Summary: 2.4.20-gentoo-r5 never sees SYN/ACK for SYN it sent
Product: Gentoo Linux Reporter: seatec-astronomy
Component: [OLD] Core systemAssignee: x86-kernel (DEPRECATED) <x86-kernel>
Status: VERIFIED WORKSFORME    
Severity: blocker CC: steel300
Priority: Highest    
Version: unspecified   
Hardware: x86   
OS: Linux   
Whiteboard:
Package list:
Runtime testing required: ---
Attachments: linux-2.4.20-gentoo-r5 config
linux-2.4.20-gentoo-r5 config
Even MORE simple link detection.

Description seatec-astronomy 2003-07-30 17:29:13 UTC
I had problems with my network for hours today. While ping(icmp) and dns(udp)
worked fine, tcp did not. The best impression will give you my post to the forums. 
http://forums.gentoo.org/viewtopic.php?t=71122&highlight=seatec&sid=ba5f8d5dea55da725d4e93c0460b9dda
In the end I fixed it by replacing the 2.4.20-gentoo-r5 with a vanilla 2.4.20.
After booting the new kernel everything was back to normal. The problem was:
When I sent a SYN into the internet, my gentoo never "saw" the SYN/ACK. It got
delivered(I sniffed the lan, it was definitively delivered to the gentoo), but
sniffing locally on that problematic gentoo machine, I noticed it never showed
up.
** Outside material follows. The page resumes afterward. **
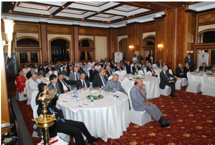
The audience in rapt attention at the 12 th International Conference.

Apparently the kernel threw it away. The NIC is an onboard 3com 3c940
gigabit ethernet. The driver was included in the kernel sources. I already had
the network up and wrking with that kernel. I have absolutely no clue why it
stopped working. 
(I'm trying to give accurate information in few sentences. But this is my first
post to any bugzilla. I'm sorry if I couldn't satisfy your requests for information)
Comment 1 Tim Yamin (RETIRED) gentoo-dev 2003-08-26 15:20:53 UTC
Do you get this with -r6? Are you using any netfilter software/firewall/blah, is anything like that enabled/built as modules in your kernel?
Comment 2 seatec-astronomy 2003-08-26 16:19:53 UTC
I know it sounds like, but there was no firewall of any sort in between. The only thing I know is that the machine sent out syns, and never saw the syn/acks that actually came back. I still have that kernel config+src. Right now I'm still using a 2.4.20, but will update these days. So I didn't test -r6 yet. 
CONFIG_NETFILTER and CONFIG_FILTER was not enabled in the config. My NIC is an onboard gbit ethernet. Maybe there's a problem with the driver implementation?
Comment 3 Jay Pfeifer (RETIRED) gentoo-dev 2003-09-07 08:24:24 UTC
which nic are you using? how about a kernel .config and relevant system info.

Thanks,

Jay
Comment 4 seatec-astronomy 2003-09-10 22:27:31 UTC
Created attachment 17480 [details]
linux-2.4.20-gentoo-r5 config
Comment 5 seatec-astronomy 2003-09-10 22:28:34 UTC
Created attachment 17481 [details]
linux-2.4.20-gentoo-r5 config
Comment 6 seatec-astronomy 2003-09-10 22:33:08 UTC
Argh. Had problems attaching the file. Bugzilla gave me an error msg. :}
The nic is an onboard chip, a 3com 3c940. It's a gbit ethernet chip. 
The system is an iP4-2.8 ghz northwood. The board is an Asus P4C800 Deluxe. The machine has 512 MB Infineon RAM. 
Comment 7 seatec-astronomy 2003-09-19 08:36:54 UTC
bash-2.05b$ uname -a
Linux IceDragon 2.4.20-gentoo-r7 #1 Fri Sep 19 15:11:45 CEST 2003 i686 Intel(R) Pentium(R) 4 CPU 2.80GHz GenuineIntel GNU/Linux
I recompiled my kernel tonight, after running a vanilla 2.4.18 for weeks. I'm experiencing the same problems as with gentoo-r5 with gentoo-r7 now, only that it's even more bizarre.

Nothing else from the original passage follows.